Fedwire, unlike what I call basic Fed (the old paper checks clearinghouse and FedACH) isn't a clearinghouse. Instead, it supports these other Fed payments facilities. Fedwire also competes with the other payments facilities as just one more way to send money.
Some differences between Fedwire and FedACH
So, unlike FedACH and other clearinghouse payments systems, Fedwire payments don’t clear via cross-cancellation of payments, and chains of payments. It is just a one-to-one sending system. Secondly, if not sending credits (in the Fed system, payor created reserve account balances), and if not voluntarily collateralized, but creating new credit account balances out of thin air, Fedwire must be cleared ("settled") within SIXTY SECONDS or accrue an annualized fifty basis point fee (interest payment to the Fed)1. . . I have no idea how much that is, by the way. Probably not so much.
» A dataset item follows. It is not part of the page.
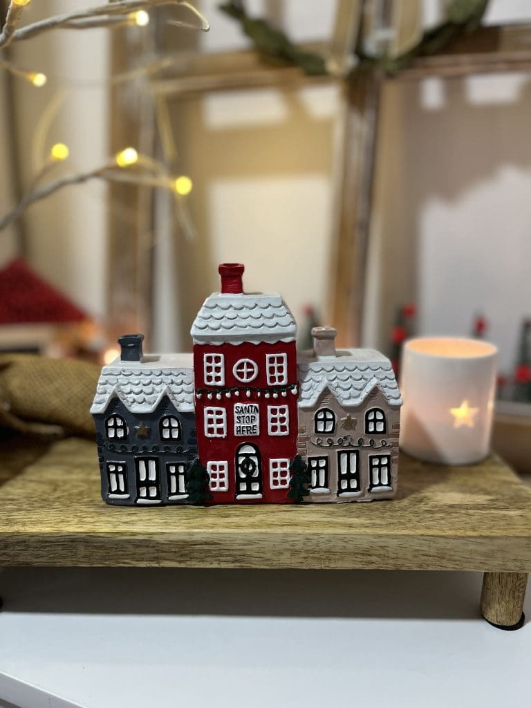 Christmas Village Incense Cone Holder Bring the cosy feel of the festive season into the home with out charming Christmas house incense cone burner. Dimensions: H11.4cm x W17cm x D6.5cm

But still, you see, Fedwire, when used for interbank lending, isn't basically sending pre-existent-to-the-day reserves, but merely credits that are the uncleared portion of the result of the FedACH payments process, sending them, for a negotiated intra-day or overnight bank-to-bank interest rate from net credit banks to net debit banks, to clear those, resulting in no net average reserve balance creation by banks OR Treasury over the course of a week.
Now when we, just individuals, sent via Fedwire between our two banks, probably it's hard to say what's happening without taking me off-course, but I think it's within this general framework, this hobbyist/concerned citizen would say.
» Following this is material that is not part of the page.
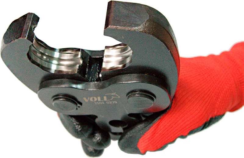 Пресс-клещи Voll M 35 (Волл М 35) предназначены для радиального обжима (радиальной опрессовки) фитингов на медных, тонкостенных стальных, нержавеющих стальных трубах Ø 35 мм аккумуляторным гидравлическим радиальным пресс-инструментом для обжима фитингов Voll V-Press.

For an (hypothetical) example2 of Fedwire used in interbank lending to settle FedACH payments:
Future Dated Forward Items
Transmission Deadline: 10:30 a.m. (Eastern Time)
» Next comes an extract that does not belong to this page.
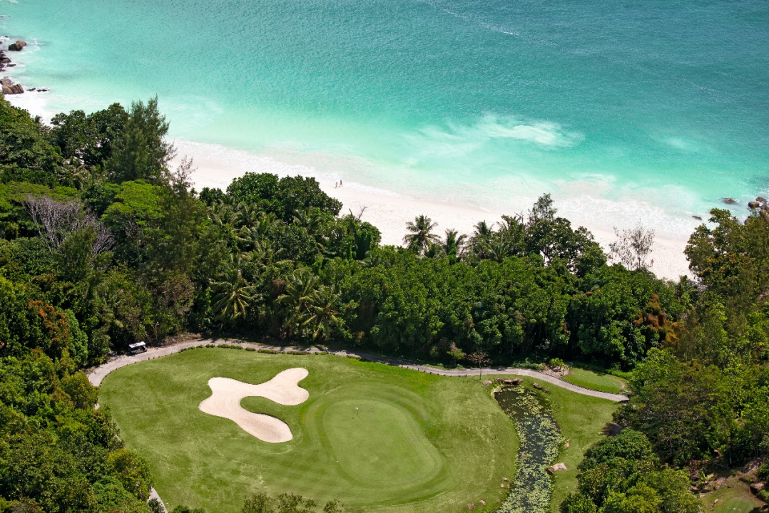 酒店内的高尔夫球场于2000年10月落成,占地80公顷,由美国高尔夫设计大师Rodney Wright设计,是塞舌尔境内唯一的18洞比赛级高尔夫球场。精湛的球道设计与延绵原生茂盛植被的自然风貌交相辉映,享受犹如“在天堂挥杆”的绝妙体验。球场内有为客人提供高尔夫用品的商店及Diva餐厅。壮丽的自然景观勾勒出普拉兰岛的海岸线,在第15洞处可以俯瞰世界最美海滩Anse Georgette的无敌海景。

Target Distribution: Noon ET
Settlement Schedule: 8:30 a.m. ET – future business day [next morning, etc.]
So for 10:30 a.m. The result of a FedACH payments credit file entry submission deadline, is that the payor bank has created out-of-thin-air a credit (a reserve...) in the Fed account of the payee, but doesn't require pre-existent reserves to do so!--as, note, the payee has already been credited at noon of the day before payment is due from the payor!
So one can Fedwire3 credits from banks with post-clearance excess credits to banks with excess debits (at a negotiated interbank lending intraday or overnight interest rate), thus causing all banks that failed to clear to clear anyway, with no increase by private bank or Treasury out-of-thin-air reserve creation over a weekly average. See FRED on weekly averages from 1971 to 2008.
https://www.federalreserve.gov/.../files/psr_2011_policy.pdf
made up out of my head, but deadlines copied from Federal Reserve Processing Schedule The table is FedACH, and applying Fedwire to that is but my interpretation.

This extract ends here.